Opened 8 years ago

Closed 8 years ago

Last modified 8 years ago

#1430 closed defect (fixed)

Data source error with mismatched label counts

Reported by: shane Owned by: shane
Priority: high Milestone: Sprint-20120110
Component: Unclassified Version:
Keywords: Cc:
CVSS Scoring: Parent Tickets:
Sensitive: no Defect Severity: Medium
Sub-Project: DNS Feature Depending on Ticket: none
Estimated Difficulty: 2 Add Hours to Ticket: 0
Total Hours: 2.80 Internal?: no

Description

I have a zone that looks like this:

time-travellers.nl.eu.org. 3600 IN      SOA     b.time-travellers.nl.eu.org. shane_kerr.yahoo.com. 2011111807 300 300 1209600 1800
time-travellers.nl.eu.org. 3600 IN      NS      b.time-travellers.nl.eu.org.
time-travellers.nl.eu.org. 3600 IN      NS      he.time-travellers.nl.eu.org.
time-travellers.nl.eu.org. 3600 IN      NS      borg.c-l-i.net.

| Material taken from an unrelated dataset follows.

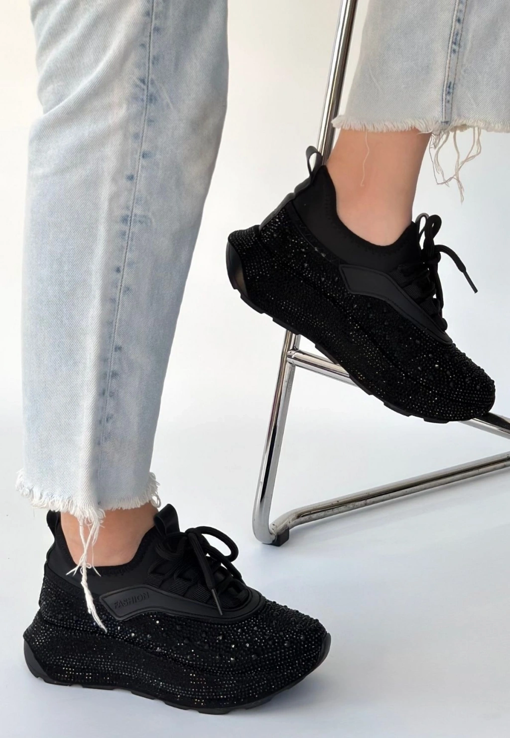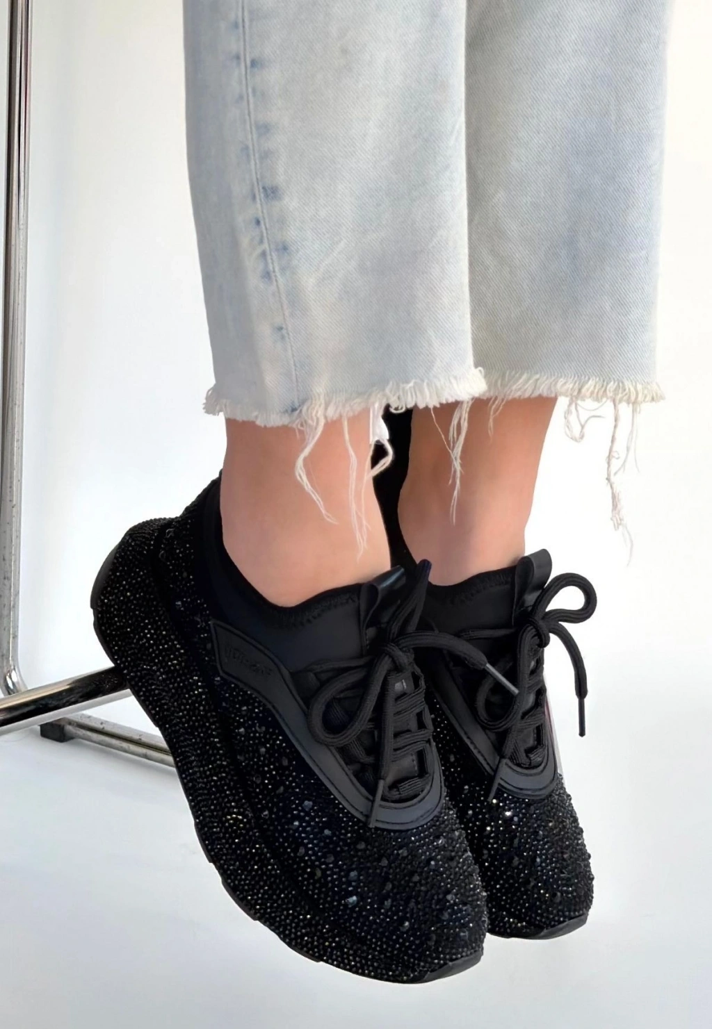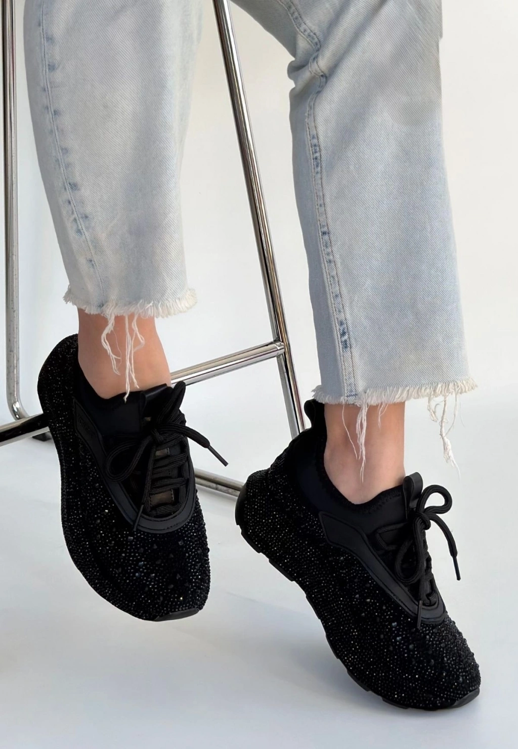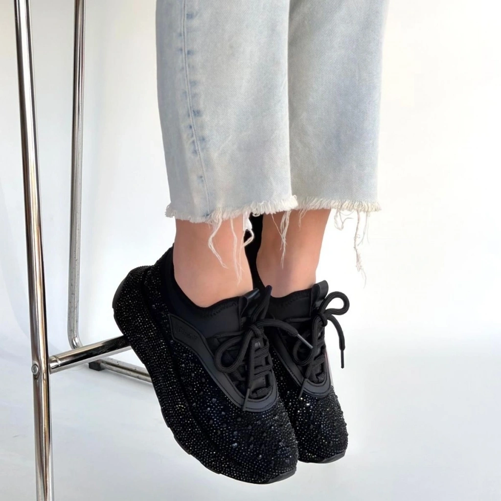 Rimay Siyah Cilt Boncuk İşlemeli Spor Ayakkabı
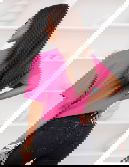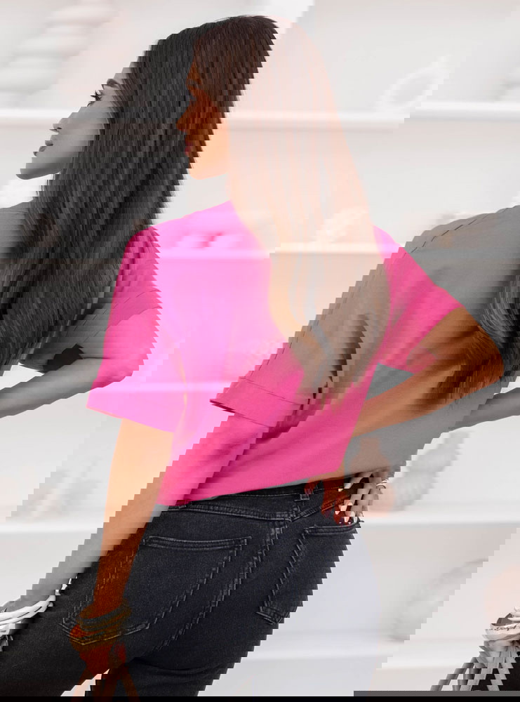Materiał jest miękki i komfortowy w noszeniu, dzięki czemu bluzka sprawdzi się przez cały dzień. Swobodna forma pozwala nosić ją zarówno wpuszczoną w spodnie, jak i luźno puszczoną. Intensywny kolor dobrze łączy się z czernią, denimem czy beżowymi dodatkami. To propozycja dla osób, które lubią prosty fason w bardziej zdecydowanym wydaniu.

This causes an exception in xfrin. I tracked it down and it looks like the problem is caused because of a sign error when looking up the short NS in the longer actual domain. So, looking up BORG.C-L-I.NET in TIME-TRAVELLERS.NL.EU.ORG causes the problem.

Subtickets

Change History (23)

comment:1 Changed 8 years ago by shane

The following patch fixes the problem:

diff --git a/src/lib/datasrc/database.cc b/src/lib/datasrc/database.cc
index 1bf93fc..053d4bc 100644
--- a/src/lib/datasrc/database.cc
+++ b/src/lib/datasrc/database.cc
@@ -520,7 +520,7 @@ DatabaseClient::Finder::find(const isc::dns::Name& name,
                 // It's not empty non-terminal. So check for wildcards.
                 // We remove labels one by one and look for the wildcard there.
                 // Go up to first non-empty domain.
-                for (size_t i(1); i <= current_label_count - last_known; ++i) {
+                for (size_t i(1); i + last_known <= current_label_count; ++i) {
                     // Construct the name with *
                     const Name superdomain(name.split(i));
                     const string wildcard("*." + superdomain.toText());

I still need to make a unit test that causes the failure.

comment:2 Changed 8 years ago by jelte

  • Owner set to shane
  • Status changed from new to assigned

This looks OK, I can confirm it solves the problem, and the change itself shouldn't hurt either way.

comment:3 Changed 8 years ago by jinmei

Note: we need a test that would fail without the fix to complete this ticket.

comment:4 Changed 8 years ago by shane

  • Milestone changed from New Tasks to Next-Sprint-Proposed

comment:5 Changed 8 years ago by shane

  • Feature Depending on Ticket set to none

comment:6 Changed 8 years ago by jelte

  • Estimated Difficulty changed from 0 to 2

comment:7 Changed 8 years ago by jelte

  • Milestone changed from Next-Sprint-Proposed to Sprint-20111220

comment:8 Changed 8 years ago by shane

  • Owner changed from shane to UnAssigned

comment:9 Changed 8 years ago by jelte

  • Priority changed from major to critical

comment:10 Changed 8 years ago by jinmei

Shane:

I've looked into the ticket, and while I see the potential problem in
this area, the specific problem description didn't make sense to me.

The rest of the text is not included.